Imagine if, on the first day of classes, every student walked out to protest the increasing cost of higher education. According to Tracy M. Soska, they should.
Soska is the chair of the masters of social work community organization and social action concentration. On Sept. 23 from noon to 1 p.m. in 2017 Cathedral, Soska, who also serves as the director of continuing education for social work professionals, led a talk called “Lessons from the Demise of Hull House” as a part of the School of Social Work Lecture Series. Social workers in Pittsburgh, he said, could take lessons from the generosity of the owners of the Hull House.
According to Soska, successful social work, including rallying to lower the cost of a college degree, should be organized, and people should work together toward a common goal. In a lecture to more than 80 students and adults, Soska said it’s the big picture that matters most when it comes to social work.
As an example of what productive social work looks like, Soska used Pitt students protesting education costs. When citizens aren’t advocating and aren’t voting, they lose their ability to address and solve their own problems. Soska called this big picture social work.
This point hit home for Allison Little, a doctoral student of social work who attended the talk.
“It can be very expensive to get those degrees that are very useful,” Little said, talking about pursuing a degree in social work, a field that pays little..
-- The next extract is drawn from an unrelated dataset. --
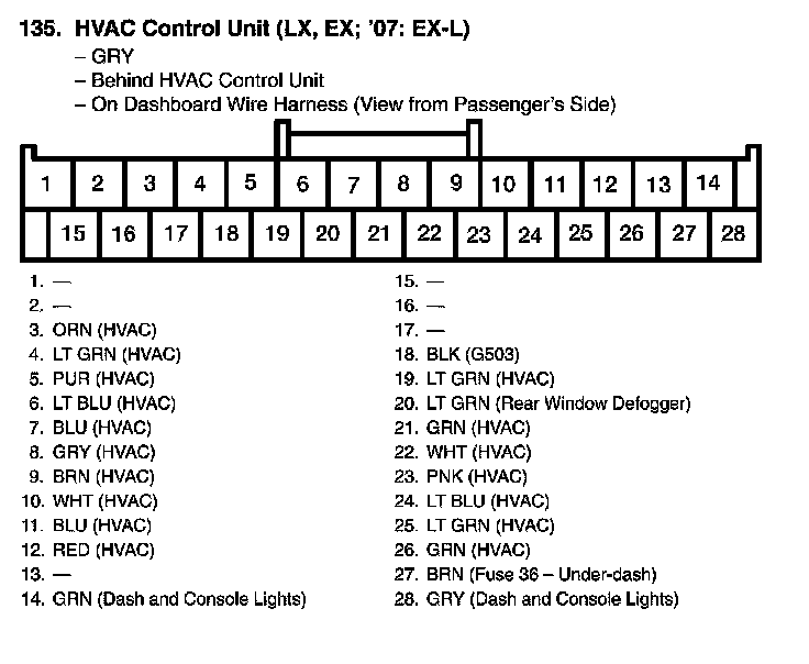 View 135 HVAC Control Unit Connector View

Another example of the big picture, Soska said, is the Hull House from Chicago.
Soska, on the surface, spoke about the demise of Hull House, a settlement house on the near west side of Chicago that opened its doors to European immigrants. Early social workers Jane Addams and Ellen Gates Starr founded the House in 1889, soon prompting other homeowners to do the same. One hundred and twenty-three years later, in January 2012, Hull House declared bankruptcy, giving its 300 employees only a week’s notice before it closed.
From 1889, Hull House had evolved into a multi-service organization and lost some of its involvement in community work. The House, which had been famous for socioeconomic and political advocacy — fighting for child labor laws, increased minimum wage and nondiscriminatory provision of public services — came to rely on government money and therefore had to be cautious that it did not “bite the hand that feeds them,” Soska said.
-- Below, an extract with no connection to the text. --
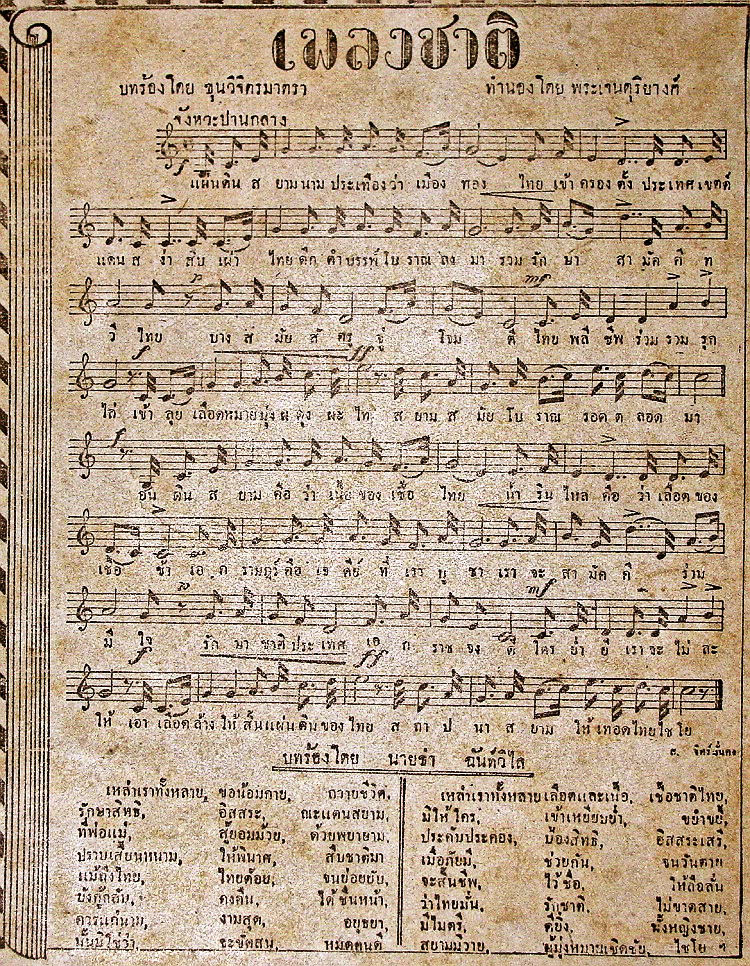 für Sicherheit, Freiheit und Fortschritt – Sieg!Die thailändische Nationalhymne Phleng Chat Thai – nicht zu verwechseln mit der thailändischen Königshymne Phleng San Soen Phra Barami (เพลงสรรเสริญพระบารมี), die vor Filmbeginn in den Kinos gespielt wird – wurde von Peter Feith, einem der drei Söhne des aus Trier stammenden Jakob Feith komponiert.

The House was slow to act when the government cut its budget. Soska talked about how the operators could not strike a balance between providing services and managing the business.
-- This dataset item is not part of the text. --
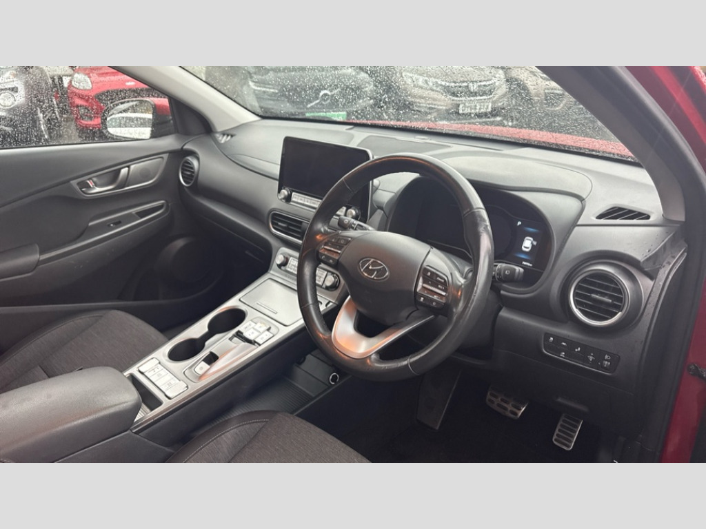 Hyundai Kona 150kW Premium 64kWh 5dr Auto 10.25" touchscreen satellite navigation includes traffic messaging channel, mapcare, live services and bluelink, Battery status check, Blind spot monitoring, Bluetooth connectivity with voice recognition, Cruise control - smart adaptive speed control with stop and go function, Digital clock, Drive mode selector, Driver attention alert system, Driver's supervision instrument cluster with 7" TFT display, eCall emergency call system, Forward collision warning, Front parking sensor, Intelligent speed limit warning, Lane follow assist, Lane keep assist, Parking system with rear camera and guidance system, PAS, Rear cross traffic alert, Rear parking sensor, Smartphone integration with Apple CarPlay and Android auto, Smartphone wireless charging plate, Windscreen washer fluid sensor and warning indicator, 7 pin charging cable, Battery heater, Vehicle Stability Control (VSC), DAB Digital radio, Krell premium audio system with 8 speakers and subwoofer, RDS radio with MP3 player, Steering wheel mounted audio/phone controls, USB/aux input socket, Auto dimming rear view mirror, Automatic headlights with dusk sensor, Automatic windscreen wipers with rain sensor, Black grille with chrome surround, Body colour bumpers, Body colour door mirrors and handles, Door mirror integrated indicators, Electric front/rear windows with drivers one touch/anti-trap, Electrically adjustable and heated door mirrors, Front fog lights, Halogen headlights, LED daytime running lights, LED rear lights, Painted anthracite body garnish, Positioning Lights - LED, Power folding door mirrors, Privacy glass - Rear windows and tailgate, Rear roof spoiler with integrated LED brake light, Roof rails, Silver skid plates, Solar glass with windscreen shade band, 60/40 split folding rear seat, Adjustable head restraints, Automatic climate control with defog system for front windscreen, CCS Combo rapid charge port (50kW), Centre interior light, Chrome interior door handles, Cloth upholstery, Door scuff plate, Driver and passenger front seat pockets, Driver's electric adjustable lumbar support, Driver's seat height adjustment, Driver's seat manual adjustment, Driver/passenger sunvisors and illuminated vanity mirrors, Front cup holders, Front interior light, Front passenger seat manual adjustments, Height/reach adjustable steering column, Isofix rear child seat fastenings, Leather wrapped steering wheel, Luggage compartment lighting, Luggage compartment undertray, Luggage hooks, Luggage net, Parcel shelf, Rear centre console with air vents, Sunglasses holder, USB charger in centre console, 3x3 point rear seatbelts, Airbags - front, front side and curtain airbags, Anti-lock brake system (ABS), Autonomous Emergency Braking with pedestrian recognition, Childproof rear door locks, Downhill brake control, EBD + Brake Assist, Electric parking brake, Electronic stability control, Fasten seatbelt reminder, Front seatbelt pretensioners, Height adjustable front seatbelts, Hill start assist control (HAC), Passenger airbag deactivate switch, Regenerative brake shift paddles, Traction control, Tyre pressure monitoring system with individual tyre pressure display, Alarm/immobiliser, Deadlocks, Folding key, Locking wheel nuts, Remote central locking, Smart key with keyless entry and engine start/stop button, 17" Alloy wheels, Tyre repair kit

“I didn’t hear much out of the social work community about this. Where were we when this all happened?” Soska said.
Soska asked: can the work of the Hull House continue in Pittsburgh? The Hull House’s type of work falls under macro social work, looking at large systems like communities and organizations. According to Soska, only 8 percent of all Pitt social work students are studying in areas of macro practice this year. Usually, he said, Pitt has about 20 percent of students studying macro practice.
“We’ve tended to look at people as clients,” Soska said. “We’ve moved to looking at them as consumers, but what if we just think of the people we work with as the citizens we serve?”
The lecture series will have four additional speakers this academic year. The next comes from Noel Busch-Armendariz on Nov. 17 at noon in 2017 Cathedral and is entitled “Are Children and Women for Sale? Yes, and It’s a $150 Billion Industry.”
Soska emphasized the importance of working with communities. He said he wants social workers to return to the Hull House’s roots when the House was working with instead of for people. As social work moves toward commercialization, Soska explained how citizens are behaving as consumers, consuming the services rather than being part of them.
“Good social work and organization is when the task is done and the people say, ‘We did this ourselves,’” he said.
According to MSW professor Liz Winter, the Hull House and the cost of higher education are connected.
“I think it’s deeply significant at a time when we are looking at similar economic inequity as the time when the settlement houses emerged,” Winter said. “And we haven’t figured it out yet.”